Surtout, la tempête a provoqué une nouvelle conversation sur notre besoin d'une plus grande résilience face aux catastrophe. C'est une conversation en temps opportun : Même si les catastrophes de toutes sortes n'ont rien de nouveau, la fréquence, l'ampleur et l'impact des catastrophes d'aujourd'hui sont plus grandes que jamais. Le nombre de personnes touchées par des catastrophes naturelles a explosé au cours du siècle dernier, passant de quelques millions de dollars en 1900 à environ 300 millions en 2011. La société de réassurance mondiale Munich Re a déclaré que 2011 a été l'année la plus coûteuse depuis toujours pour l'industrie de l'assurance.

Les calamités d'origine humaine sont aussi à la hausse. Aujourd'hui, les gens du monde sont liés que jamais par les réseaux mondiaux denses de commerce et d'information - et ces réseaux peuvent amplifier les perturbations. Par exemple, la crise financière actuelle a été déclenchée par les prêts hypothécaires à risque aux États-Unis, mais dans une économie mondiale interconnectée, ses effets se répercutent à travers le monde.

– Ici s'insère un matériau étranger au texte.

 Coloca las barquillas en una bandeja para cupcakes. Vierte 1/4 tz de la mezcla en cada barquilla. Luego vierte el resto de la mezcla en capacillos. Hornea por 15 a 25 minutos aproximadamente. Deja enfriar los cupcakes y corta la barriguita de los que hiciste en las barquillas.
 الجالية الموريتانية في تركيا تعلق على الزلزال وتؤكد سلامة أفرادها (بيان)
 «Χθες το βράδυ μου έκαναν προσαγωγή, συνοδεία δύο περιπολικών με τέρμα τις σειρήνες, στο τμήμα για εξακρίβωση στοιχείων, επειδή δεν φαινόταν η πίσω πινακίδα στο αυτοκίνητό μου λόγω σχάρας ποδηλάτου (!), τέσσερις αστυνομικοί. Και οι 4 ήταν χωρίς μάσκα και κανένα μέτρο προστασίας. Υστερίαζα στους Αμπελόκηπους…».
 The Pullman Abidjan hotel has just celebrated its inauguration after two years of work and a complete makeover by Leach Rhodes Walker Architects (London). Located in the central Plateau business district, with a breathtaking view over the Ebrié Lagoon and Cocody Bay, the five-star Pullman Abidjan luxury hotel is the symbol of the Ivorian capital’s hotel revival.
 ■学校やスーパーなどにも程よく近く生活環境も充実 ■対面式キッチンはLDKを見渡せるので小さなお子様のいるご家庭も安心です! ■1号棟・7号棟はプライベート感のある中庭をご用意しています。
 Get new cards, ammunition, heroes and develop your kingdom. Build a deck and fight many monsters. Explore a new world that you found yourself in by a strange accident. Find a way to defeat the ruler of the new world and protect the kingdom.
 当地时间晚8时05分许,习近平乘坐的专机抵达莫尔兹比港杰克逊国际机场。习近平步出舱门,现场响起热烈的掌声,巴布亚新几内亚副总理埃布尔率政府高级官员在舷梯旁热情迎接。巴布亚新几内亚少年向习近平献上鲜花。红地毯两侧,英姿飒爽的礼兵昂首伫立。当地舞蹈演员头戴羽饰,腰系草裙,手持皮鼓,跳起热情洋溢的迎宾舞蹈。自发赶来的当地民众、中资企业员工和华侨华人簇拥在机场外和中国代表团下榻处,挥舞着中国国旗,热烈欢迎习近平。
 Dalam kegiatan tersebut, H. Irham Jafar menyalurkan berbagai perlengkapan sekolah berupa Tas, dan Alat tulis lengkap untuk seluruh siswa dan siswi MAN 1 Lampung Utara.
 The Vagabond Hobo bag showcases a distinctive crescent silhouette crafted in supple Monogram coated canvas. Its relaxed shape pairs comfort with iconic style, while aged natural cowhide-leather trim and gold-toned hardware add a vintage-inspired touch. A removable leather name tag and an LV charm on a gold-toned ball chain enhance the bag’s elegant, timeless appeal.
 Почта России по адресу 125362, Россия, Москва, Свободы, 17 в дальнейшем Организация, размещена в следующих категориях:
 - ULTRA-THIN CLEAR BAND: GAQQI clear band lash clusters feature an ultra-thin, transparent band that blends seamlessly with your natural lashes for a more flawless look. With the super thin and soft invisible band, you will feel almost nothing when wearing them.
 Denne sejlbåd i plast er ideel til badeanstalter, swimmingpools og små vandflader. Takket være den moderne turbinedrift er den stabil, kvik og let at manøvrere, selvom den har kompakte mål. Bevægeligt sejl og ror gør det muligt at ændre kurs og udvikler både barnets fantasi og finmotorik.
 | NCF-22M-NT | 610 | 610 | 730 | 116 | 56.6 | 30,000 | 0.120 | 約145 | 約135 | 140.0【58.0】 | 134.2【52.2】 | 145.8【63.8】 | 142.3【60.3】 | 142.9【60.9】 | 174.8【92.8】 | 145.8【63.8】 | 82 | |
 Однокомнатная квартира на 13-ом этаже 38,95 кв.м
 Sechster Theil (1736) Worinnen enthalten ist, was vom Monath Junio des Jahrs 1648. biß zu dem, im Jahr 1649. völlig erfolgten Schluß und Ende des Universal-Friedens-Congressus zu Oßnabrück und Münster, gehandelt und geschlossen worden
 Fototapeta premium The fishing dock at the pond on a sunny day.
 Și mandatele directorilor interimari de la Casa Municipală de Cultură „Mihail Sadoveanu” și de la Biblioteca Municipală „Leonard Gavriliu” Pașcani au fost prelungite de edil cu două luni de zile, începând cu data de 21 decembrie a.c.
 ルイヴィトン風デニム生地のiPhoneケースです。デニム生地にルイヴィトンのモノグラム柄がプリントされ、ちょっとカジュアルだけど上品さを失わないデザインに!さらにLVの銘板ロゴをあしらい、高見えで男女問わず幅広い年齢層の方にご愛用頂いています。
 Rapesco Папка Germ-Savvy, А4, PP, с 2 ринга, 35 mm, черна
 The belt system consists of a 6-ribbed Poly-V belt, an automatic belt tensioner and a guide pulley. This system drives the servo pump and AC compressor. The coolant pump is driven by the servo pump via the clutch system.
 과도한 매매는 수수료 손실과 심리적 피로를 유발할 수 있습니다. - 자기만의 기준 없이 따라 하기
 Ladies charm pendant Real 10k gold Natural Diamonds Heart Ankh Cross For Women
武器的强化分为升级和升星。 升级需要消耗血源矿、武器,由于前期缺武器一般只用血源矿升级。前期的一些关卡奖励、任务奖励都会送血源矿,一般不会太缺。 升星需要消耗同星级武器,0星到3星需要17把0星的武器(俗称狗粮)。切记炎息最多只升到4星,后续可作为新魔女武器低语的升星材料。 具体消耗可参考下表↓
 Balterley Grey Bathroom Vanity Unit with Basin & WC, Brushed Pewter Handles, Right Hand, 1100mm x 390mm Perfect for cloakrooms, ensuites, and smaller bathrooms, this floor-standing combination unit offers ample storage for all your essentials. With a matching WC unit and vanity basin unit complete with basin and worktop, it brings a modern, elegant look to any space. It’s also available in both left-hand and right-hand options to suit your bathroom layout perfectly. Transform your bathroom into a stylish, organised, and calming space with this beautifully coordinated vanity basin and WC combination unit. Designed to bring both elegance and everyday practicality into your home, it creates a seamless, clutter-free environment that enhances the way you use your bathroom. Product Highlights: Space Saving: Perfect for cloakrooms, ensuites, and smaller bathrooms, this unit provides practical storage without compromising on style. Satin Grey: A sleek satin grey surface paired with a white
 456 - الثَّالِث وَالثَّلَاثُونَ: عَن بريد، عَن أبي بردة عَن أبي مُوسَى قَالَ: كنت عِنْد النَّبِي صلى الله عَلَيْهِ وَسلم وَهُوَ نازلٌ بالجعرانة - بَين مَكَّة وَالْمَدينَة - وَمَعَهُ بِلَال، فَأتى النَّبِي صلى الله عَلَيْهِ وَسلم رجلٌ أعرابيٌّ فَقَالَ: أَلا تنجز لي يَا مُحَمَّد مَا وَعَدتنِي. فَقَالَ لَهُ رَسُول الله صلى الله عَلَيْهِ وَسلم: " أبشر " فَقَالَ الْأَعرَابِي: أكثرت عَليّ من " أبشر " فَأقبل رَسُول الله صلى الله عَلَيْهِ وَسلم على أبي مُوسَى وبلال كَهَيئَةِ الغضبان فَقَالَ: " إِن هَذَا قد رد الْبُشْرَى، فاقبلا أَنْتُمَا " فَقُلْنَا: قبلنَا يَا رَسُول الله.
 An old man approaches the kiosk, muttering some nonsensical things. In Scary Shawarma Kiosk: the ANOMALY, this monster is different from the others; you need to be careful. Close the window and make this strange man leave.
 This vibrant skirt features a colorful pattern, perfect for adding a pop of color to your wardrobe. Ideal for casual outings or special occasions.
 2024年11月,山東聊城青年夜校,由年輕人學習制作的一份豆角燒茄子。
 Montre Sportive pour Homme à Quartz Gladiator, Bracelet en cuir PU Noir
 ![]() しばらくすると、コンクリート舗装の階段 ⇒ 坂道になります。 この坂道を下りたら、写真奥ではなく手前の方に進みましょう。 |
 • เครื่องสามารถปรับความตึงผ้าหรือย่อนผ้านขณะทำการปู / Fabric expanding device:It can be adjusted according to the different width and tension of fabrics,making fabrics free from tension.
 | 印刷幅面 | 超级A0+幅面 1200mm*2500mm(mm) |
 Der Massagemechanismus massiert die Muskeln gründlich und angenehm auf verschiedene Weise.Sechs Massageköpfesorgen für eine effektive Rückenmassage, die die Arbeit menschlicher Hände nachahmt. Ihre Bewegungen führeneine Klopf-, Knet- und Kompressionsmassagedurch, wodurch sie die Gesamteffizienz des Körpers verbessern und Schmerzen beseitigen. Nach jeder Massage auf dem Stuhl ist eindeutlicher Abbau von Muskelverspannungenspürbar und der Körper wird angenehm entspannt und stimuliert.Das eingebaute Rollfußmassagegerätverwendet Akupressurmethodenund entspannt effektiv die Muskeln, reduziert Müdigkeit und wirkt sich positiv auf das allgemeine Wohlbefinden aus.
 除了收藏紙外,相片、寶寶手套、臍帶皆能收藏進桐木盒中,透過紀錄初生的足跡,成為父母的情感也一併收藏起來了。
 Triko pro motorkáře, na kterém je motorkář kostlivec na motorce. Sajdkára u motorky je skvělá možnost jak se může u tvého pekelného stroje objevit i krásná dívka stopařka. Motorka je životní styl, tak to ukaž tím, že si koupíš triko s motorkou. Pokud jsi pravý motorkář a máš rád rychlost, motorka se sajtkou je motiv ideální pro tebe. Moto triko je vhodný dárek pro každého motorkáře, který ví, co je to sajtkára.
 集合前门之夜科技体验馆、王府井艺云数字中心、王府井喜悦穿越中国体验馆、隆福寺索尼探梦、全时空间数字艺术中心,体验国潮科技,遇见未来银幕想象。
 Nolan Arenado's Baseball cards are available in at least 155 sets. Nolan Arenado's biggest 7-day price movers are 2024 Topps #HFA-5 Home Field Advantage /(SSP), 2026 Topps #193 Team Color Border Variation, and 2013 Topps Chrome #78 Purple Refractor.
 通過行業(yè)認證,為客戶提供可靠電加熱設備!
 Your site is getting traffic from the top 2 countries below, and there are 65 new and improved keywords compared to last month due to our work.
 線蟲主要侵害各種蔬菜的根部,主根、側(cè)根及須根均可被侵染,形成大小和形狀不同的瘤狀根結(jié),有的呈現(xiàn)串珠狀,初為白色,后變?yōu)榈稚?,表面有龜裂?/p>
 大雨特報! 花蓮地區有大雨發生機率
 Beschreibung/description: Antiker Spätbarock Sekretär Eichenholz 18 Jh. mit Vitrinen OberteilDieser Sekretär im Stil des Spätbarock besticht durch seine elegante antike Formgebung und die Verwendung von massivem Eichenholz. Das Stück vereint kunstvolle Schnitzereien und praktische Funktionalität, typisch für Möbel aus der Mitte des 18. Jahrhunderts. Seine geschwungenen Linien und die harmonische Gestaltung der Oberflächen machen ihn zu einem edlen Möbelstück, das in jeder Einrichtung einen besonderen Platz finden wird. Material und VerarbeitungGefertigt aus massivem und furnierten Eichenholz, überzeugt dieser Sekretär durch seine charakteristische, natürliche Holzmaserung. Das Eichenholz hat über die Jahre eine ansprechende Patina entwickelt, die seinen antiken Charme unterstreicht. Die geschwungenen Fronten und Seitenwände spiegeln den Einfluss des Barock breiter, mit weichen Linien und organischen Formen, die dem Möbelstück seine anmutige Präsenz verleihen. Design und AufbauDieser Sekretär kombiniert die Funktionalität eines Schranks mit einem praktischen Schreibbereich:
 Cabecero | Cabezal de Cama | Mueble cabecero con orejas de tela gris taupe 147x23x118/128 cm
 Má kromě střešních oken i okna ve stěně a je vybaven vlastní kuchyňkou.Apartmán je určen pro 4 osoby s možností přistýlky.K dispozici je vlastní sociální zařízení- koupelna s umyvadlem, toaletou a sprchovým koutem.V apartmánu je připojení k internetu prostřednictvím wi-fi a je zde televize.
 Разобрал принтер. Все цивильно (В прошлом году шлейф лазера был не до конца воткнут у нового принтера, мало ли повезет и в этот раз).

Pourtant, alors que les catastrophes de toutes sortes sont de plus en plus inévitable, il est possible de limiter leur impact. Certaines personnes, des communautés et des nations sont capables de se remettre sur pied a la suite de chocs importants, ils sont, en un mot, résilient. Mais qu'est-ce que ça veut dire? Quelles sont les caractéristiques qui confèrent la résilience, et comment peuvent-elles être cultivés?

lundi 10 juin 2013

Cartographie de la transition

Ça bouge du cote du Shift Project. Voici la présentation d'une étude sur la cartographie de la transition carbone, c'est a dire une tentative de synthétiser toutes les bonnes idées d'ici ou là et dans tous les domaines. "La transition, ce n'est pas juste changer de mixte énergétique, c'est changer de model ". Il s'agit d'essayer de répertorier les évolution de la société nécessaires et désirable.  Le rapport propose ensuite  vingts exemples d'action vers la transition en les chiffrant, les évaluant et proposant des outils d'action.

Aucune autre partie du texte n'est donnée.